3. Date of data collection: 2016 - 2019

4. Geographic location of data collection: Kenya and Tanzania

5. Information about funding sources that supported the collection of the data: see corresponding paper (Bishop et al., 2021).


SHARING/ACCESS INFORMATION

1. Licenses/restrictions placed on the data: NA

2. Links to publications that cite or use the data:  https://doi.org/10.1111/eva.13237

3. Links to other publicly accessible locations of the data: NA

4. Links/relationships to ancillary data sets: NA

5. Was data derived from another source? NA

6. Recommended citation for this dataset: 
Bishop, A. P., Amatulli, G., Hyseni, C., Pless, E., Bateta, R., Okeyo, W. A., ... & Saarman, N. P. (2021). A machine learning approach to integrating genetic and ecological data in tsetse flies (Glossina pallidipes) for spatially explicit vector control planning.
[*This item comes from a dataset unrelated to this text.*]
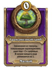 • После: Заклинания из таверны, повышающие характеристики, дают еще +2 к здоровью. В начале каждого хода усиливается на 1.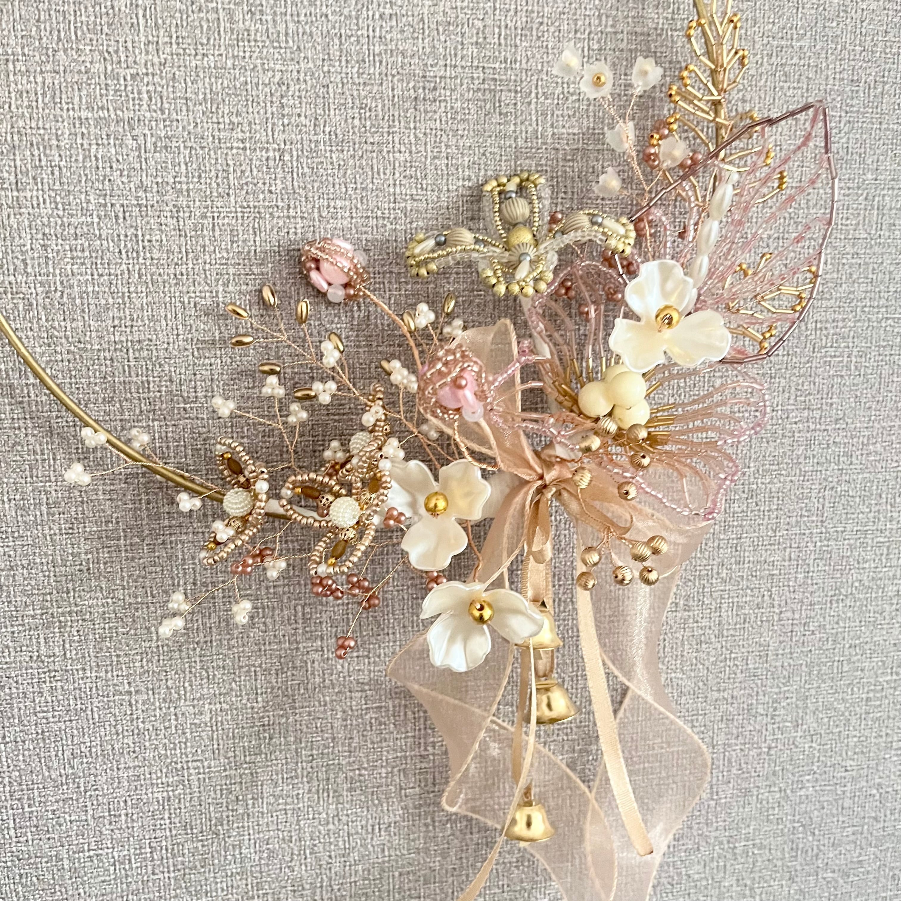 ご自身でご用意される場合、サイズが小さすぎたり軽量のものだと、ビーズフラワーの重さに耐えれず倒れる可能性があるため、陶器やガラス等の重量があるものや、ブーケと同じくらいのサイズ感のものをご用意いただくことをお勧めいたします。

Evolutionary Applications, 14(7), 1762.

DATA & FILE OVERVIEW

1. File List: 
Bishop2021_HabitatSuitability_Data.csv - contains the data used in the habitat suitability model (i.e. information about the trap locations). Abbreviations: TrapNo (Trap Number), Lat (Latitude), Long (Longitude), NumberDays (number of days between StartDate (date traps were set out) and EndDate (date flies were collected from traps)).

Bishop2021_GenConModel_AllData.csv - contains the data used in the genetic connectivity model. All columns starting with "BIO" are the median values of each bioclimatic variable along straight paths between sites. The "kernel" column contains the median values along straight paths between sites from the kernel density layer. The "pixvals" column contains the geographic distance between sites in units of pixels (1 km resolution). The "Distance" column contains the Cavalli-Sforza and Edwards’ chord (CSE) genetic distances between sites. See methods of the paper (Bishop et al., 2021) for more detail.

Gpd_KenTza_11loci_659indv_genepop.txt - contains the microsatellite genotypes for the 659 individuals used in this study in GenePop format (https://genepop.curtin.edu.au/) and the Gpd_KenTza_11loci_659indv_sample_info.csv file provides information about these individuals.

2. Relationship between files, if important: NA

3. Additional related data collected that was not included in the current data package: NA

4. Are there multiple versions of the dataset? no

METHODOLOGICAL INFORMATION

1. Description of methods used for collection/generation of data: 
see corresponding paper (Bishop et al., 2021)

2. Methods for processing the data: 
see corresponding paper (Bishop et al., 2021)

3. Instrument- or software-specific information needed to interpret the data: 
see corresponding paper (Bishop et al., 2021)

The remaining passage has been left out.